Perspektiven schaffen – drogenfrei leben – nachhaltig wirtschaften

Als Gasthelferin in Fleckenbühl

Mitte 2017 konnte ich mit 65 Jahren aus meinem sozialen Beruf in Rente gehen. Zuhause fiel mir nach einer Erholungszeit „die Decke auf den Kopf“. Ich beschäftigte mich mit Lebensgemeinschaften und interessierte mich für die Demeter-Landwirtschaft.

Das Hofgut Fleckenbühl hatte mich schon lange bei Besuchen von Sommerfest und Hofladen beeindruckt. Mit über 100 Menschen ist es die größte Lebensgemeinschaft, die ich bisher besuchte.

Nach einem langen Gespräch mit der Hausleiterin Dagmar Feist konnte ich ein vierwöchiges Praktikum vereinbaren (ohne die Wochenenden). Im April 2018 nahm ich zwei Wochen am „Bootcamp“ teil, der Eingangsphase für die Neuen. Dann lernte ich die Jugendhilfe Leimbach mit der Gärtnerei kennen und danach den Arbeitsbereich Landwirtschaft. In den folgenden Monaten kam ich mehrmals für jeweils einige Tage zur Mitarbeit oder auch zu Veranstaltungen, z.B. zu den Fleckenbühler Tagen, auf den Hof. In der Gärtnerei in Leimbach konnte ich ab und zu tageweise zum Beispiel Pflänzchen umtopfen.

Auf dem Kartoffelfeld, in der Halle beim Sortieren der Kartoffeln, in der Gärtnerei oder abends im „Wohnzimmer“ konnte ich oft in Gespräche kommen. Durch eine Naikan-Woche lernte ich einen neuen Umgang mit meinen Problemen kennen.

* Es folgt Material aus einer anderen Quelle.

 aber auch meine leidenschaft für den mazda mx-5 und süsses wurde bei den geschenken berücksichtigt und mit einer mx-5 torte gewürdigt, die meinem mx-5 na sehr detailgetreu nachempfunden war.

Überrascht hat mich, mit welcher Intensität ich mit der Trauer über den „verlorenen“ Teil meiner Kindheit und Jugend in Kontakt kam. Mein Vater (1921 – 1980) war schwer alkohol- und nikotinsüchtig seit dem Krieg. Er kämpfte damit, ohne Hilfe von außen. Als Familie lebten wir zunehmend in Ohnmacht und Isolation wegen seiner unberechenbaren beleidigenden Ausbrüche mit Filmrissen.

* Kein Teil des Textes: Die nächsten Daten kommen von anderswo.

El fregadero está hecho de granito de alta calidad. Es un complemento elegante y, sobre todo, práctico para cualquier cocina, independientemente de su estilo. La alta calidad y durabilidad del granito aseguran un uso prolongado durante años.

Überrascht hat mich auch, wie gut es mir tut, in Fleckenbühl zu sein. Die Zusammenarbeit, die Gespräche, Situationskomik, die wache Aufmerksamkeit, die kluge Hausordnung, die Fürsorge für die Kinder, die gepflegten Mahlzeiten… Ich freue mich, die erste, relativ schnelle körperliche Erholung bei einigen der neu Aufgenommenen zu sehen. Ich freue mich über die durch viele Krisen gewonnene Stärke im Konfliktverhalten und auf der beruflichen Schiene bei denjenigen, die länger nüchtern leben. Wenn ich einige Tage mitgearbeitet habe, brauche ich auch die Teilnahme am Spiel, weil ich natürlich die Alltagskonflikte teilweise mitbekomme. Mit jeder dieser Anstrengungen für das zusammen leben und arbeiten wächst mein Respekt. Ich danke euch für diese Offenheit.

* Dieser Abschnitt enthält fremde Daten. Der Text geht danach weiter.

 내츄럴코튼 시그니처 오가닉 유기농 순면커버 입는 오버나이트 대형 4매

Das Anliegen und die Bereitschaft, jederzeit, Tag und Nacht süchtige Hilfesuchende aufzunehmen und sich um sie zu kümmern, kann nur mit klaren Regeln und Tagesstrukturen funktionieren. Vor allem aber wirkt auch ein sehr starkes Engagement zusammen mit langjähriger Erfahrung.